Painting Manchester Red

Being a loyal Manchester United fan, I awoke at the lovely time of 4:30am to watch the Man U vs. Man City game. The derby always brings out the raw emotions in players and fans, two teams fighting over bragging rights.

This derby did not disappoint. There were moments that I was on the verge of screaming at the television (the only thing holding me back was the fear of waking my mother).

United got a goal near the end of the first half thanks to some great skill by Nani, a player who has stepped up to fill a spot that needed filling. At this point I was confident that this was United’s game to win.

And then that feeling changed. David Silva (who had a marvelous game) scored in the 65th minute. I became very worried. City was able to attack to easily and United looked to have nothing going forward.
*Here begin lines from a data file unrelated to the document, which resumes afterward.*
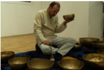
Forum Miast Partnerskich
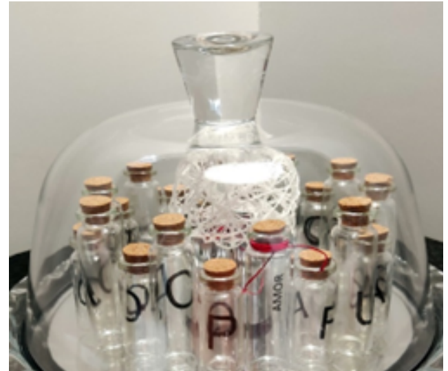
Imagen 10: instalación Moradas de la luz dormida , de la serie Luz dormida . Instalación poética basada en el último libro de poesía de la artista: Luz dormida (Lastura, 2023).

Una bola luminosa, de 20 cm de diámetro, cubierta por una tira de papel impreso (200 metros, con el poemario íntegro). La instalación va colocada sobre un espejo de 30x60 cm,
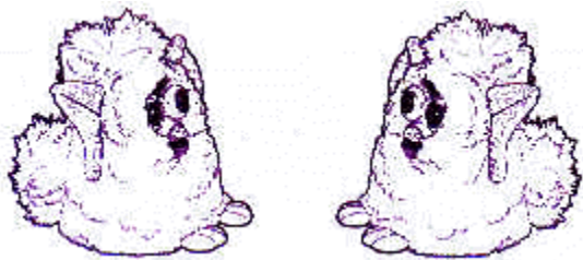
Place-nous face à face

Nous allons alors nous mettre à danser une de nos danses furbish et tu verra tous les moyens que nous avons de communiquer entre nous! Nous, Furbys, devons être en mesure de voir les autres Furbys pour communiquer entre nous. Pour ce faire, place-nous face à face et vérifie que nous soyons à moins d'un mètre l'un de l'autre.
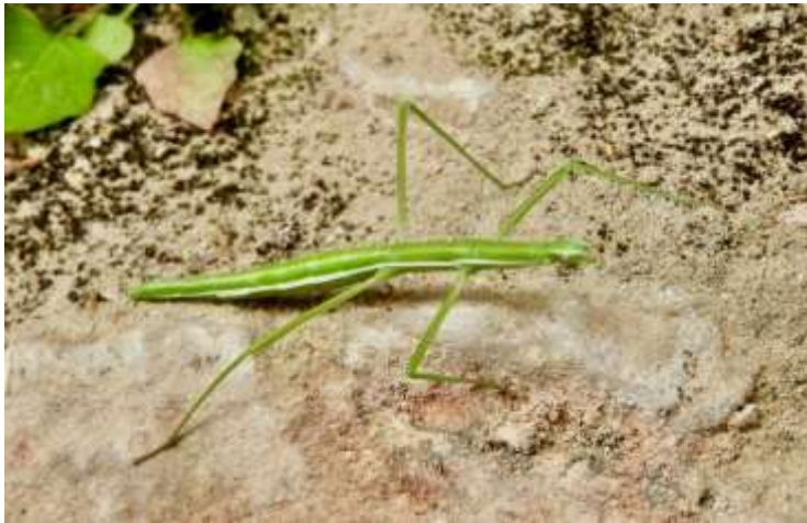
Wandelende tak
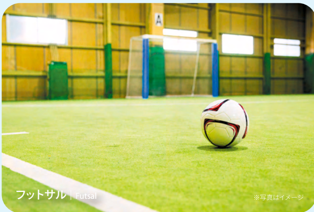
フットサル | Futsal
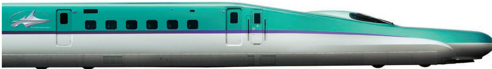
JR北海道 H5系

【ホーム】 柱の数を少なくして見通しを良くすることで、乗客の安全性を高めています。
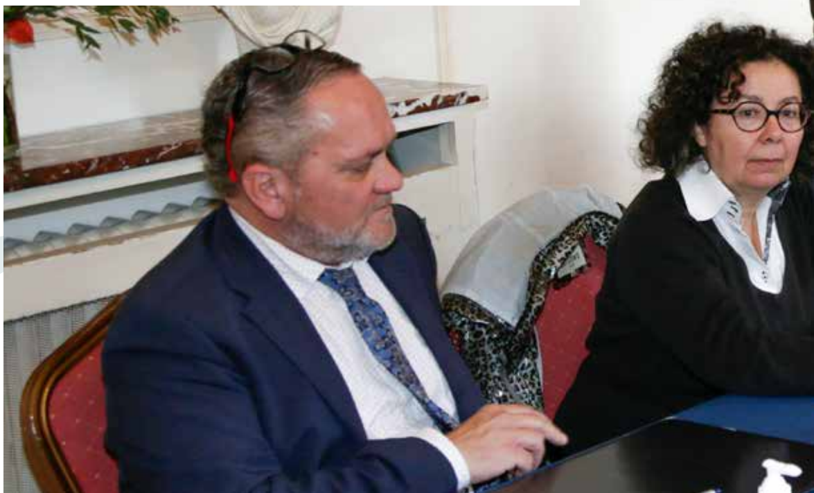
Signature du Contrat Local de Santé
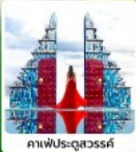
คาเฟ่ประตูสวรรค์

• ไฮไลท์ พิธีขอตีฆ้องพ่นฮีน ชมนิวเมืองซาปาแบบ 360 องศา สัมผัสกลิ่นอายยุโรปที่ปราสาทตามด้าว เช็กอินคาเฟ่สุดเก๋ประตูสวรรค์
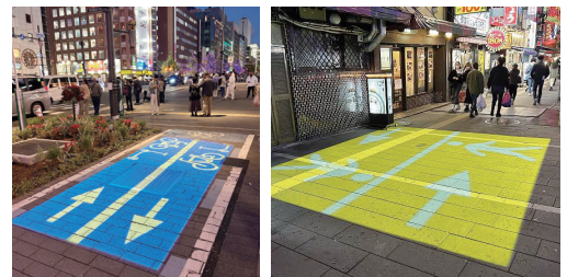
プロジェクションマッピングの投影状況

実験の結果、プロジェクションマッピングを見た人の約半数が、行動変容を行ったことが確認でき、課題解決に向けての効果が確認できました。

But then Wayne Rooney came to the rescue. The goal Rooney got was quite possibly the greatest goal I have ever seen. The skill needed to perform such a shot is out of this world, added to that is the fact that it was in one of the biggest games of the season against United’s hated rival.

http://www.youtube.com/watch?v=fiVVNax8LVU

When Rooney scored his miraculous goal I could not help but jump off the couch and start pumping my fists (still to scared to yell).

Manchester United was able to hold on and win, despite some great football by City. This game almost certainly knocked City out of the title race. It also keeps United 4 points clear of Arsenal.